В отличие от юного Миколки юный Василий был совращен до своего появления в Петербурге. Но совратители его — те же взлелеянные петровской цивилизацией господа, которые погубили Миколку. (В этом смысле «офицеры» и «художник» суть понятия одного вида.) Достоевский, несомненно, увидел бы здесь подтверждение своей художественной правоты. Разврат не может исходить оттуда, где пребывает в своей нравственной целокупности «мужик Марей». Объектом противоестественных покушений (как социального, так и физиологического толка) становится сам народ-богоносец. И те, что страшно далеки от него, выступают в роли растлителей и убийц. (Недаром ставрогинский грех квалифицируется как Богоубийство.)

Русский XIX век застанет содомию преимущественно в господской среде. (Хотя ранее в допетровские времена иноземцы наблюдали ее и в недрах трудового крестьянства.) Пушкин, как уже говорилось, склонен отнестись к ситуации иронически:

Содом, ты знаешь, был отмечен

Не только вежливым грехом...

Стихи эти посылаются Ф. Вигелю, эротические предпочтения которого не являлись для Пушкина секретом.

Не знаю, придут ли к тебе

Под вечер милых три красавца...

Сам поэт готов извинить «вежливый грех» при условии соблюдения приятелем в их дружественных сношениях строгого сексуального нейтралитета:

Тебе служить я буду рад —

Стихами, прозой, всей душою,

Но, Вигель,— пощади мой зад!

Достоевскому в отличие от Пушкина не до шуток. Он, как всегда, глобализирует проблему, рассматривая ее в контексте взаимоотношений интеллигенции и народа. Гомоэротическое насилие (в особенности если оно носит межсословный характер) способно, по его мнению, сыграть роль социального бумеранга.

Существует малоизвестное свидетельство, принадлежащее возглавителю Русской зарубежной церкви митрополиту Антонию (Храповицкому): в первоначальной рукописи «Братьев Карамазовых» наличествовал один исключенный позже по настоянию Победоносцева и Каткова мотив. Это — глубинная причина убийства, совершенного Смердяковым. Согласно указанной версии (А. Храповицкий ссылается на не вполне ясный источник), «Смердяков был подвергнут Содомскому осквернению своим отцом Федором Павловичем». Возможно, это очередная легенда, хотя надо признать, что подобный поступок не противоречил бы моральному облику Карамазова-старшего. Брат Иван Федорович растлевает Смердякова духовно; Федор Павлович (допустим) — физически: обе вины возвращаются к растлителям — в виде безумия и смерти.
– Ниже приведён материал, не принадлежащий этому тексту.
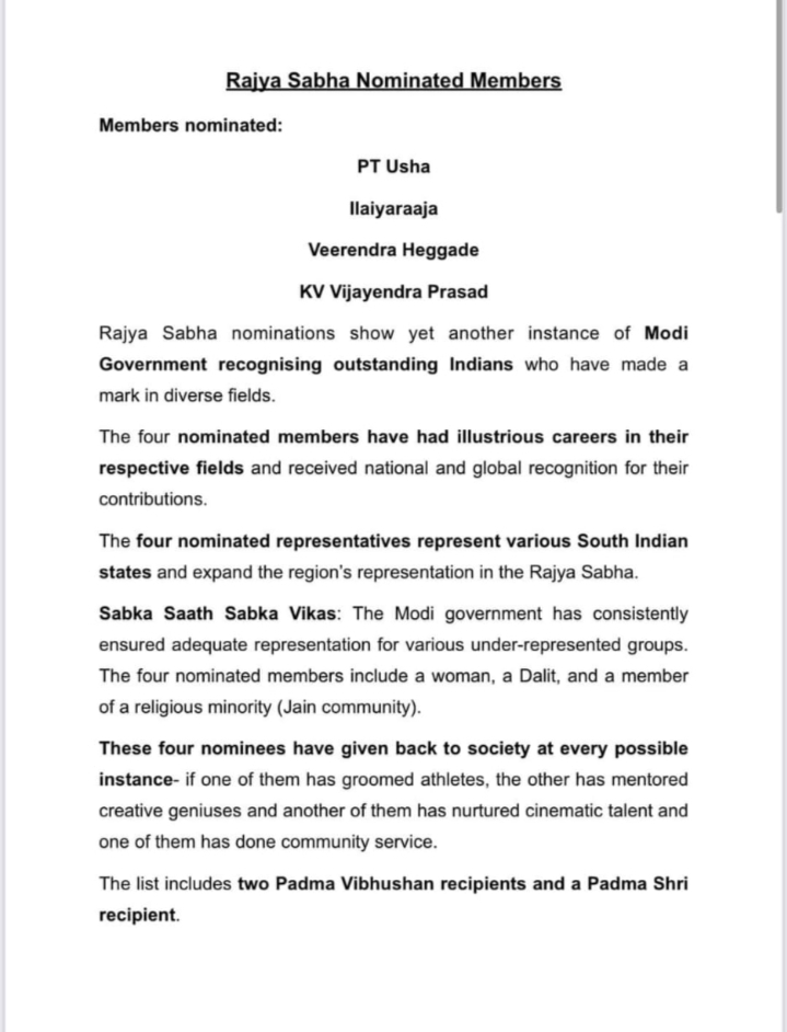 ಸಂಗೀತ ನಿರ್ದೇಶಕ ಇಳೆಯರಾಜ, ಓಟದ ರಾಣಿ ಪಿಟಿ ಉಷಾ ಮತ್ತು ವಿಜಯೇಂದ್ರ ಪ್ರಸಾದ್ ಅವರು ರಾಜ್ಯಸಭೆಗೆ ನಾಮನಿರ್ದೇಶನಗೊಂಡ ಇತರರು.

Но даже если этот мотив отсутствовал в планах романа, в окончательном тексте присутствует другой — со скрытой гомосексуальной окраской. Об этом тоже не было говорено до сих пор.

1 Гомосексуальные мотивы в творчестве Достоевского были впервые отмечены в нашем докладе на научной конференции в Музее-квартире Ф. М. Достоевского (С.-Петербург) осенью 1994 г. О гомоэротических коллизиях в царской семье, с которыми, как мы полагаем, было связано приглашение Достоевского в Зимний дворец, см.: Волгин И. Л. В виду безмолвного потомства... Достоевский и гибель русского императорского дома. Октябрь, № 11—12. 1993. Его же. Метаморфозы власти. Покушения на российский трон в XVIII—XIX вв. М., 1994.

2 Интересно, что у Довлатова в «Зоне (Записки надзирателя)» сценическим успехом также пользуется местный «Сироткин»: в бурной реакции зрителей учтена его лагерная специальность.

3Вспомним, что сильнейшее потрясение его детства — изнасилованная и умершая вследствие этого девочка — тоже сопряжено с сексуальным преступлением.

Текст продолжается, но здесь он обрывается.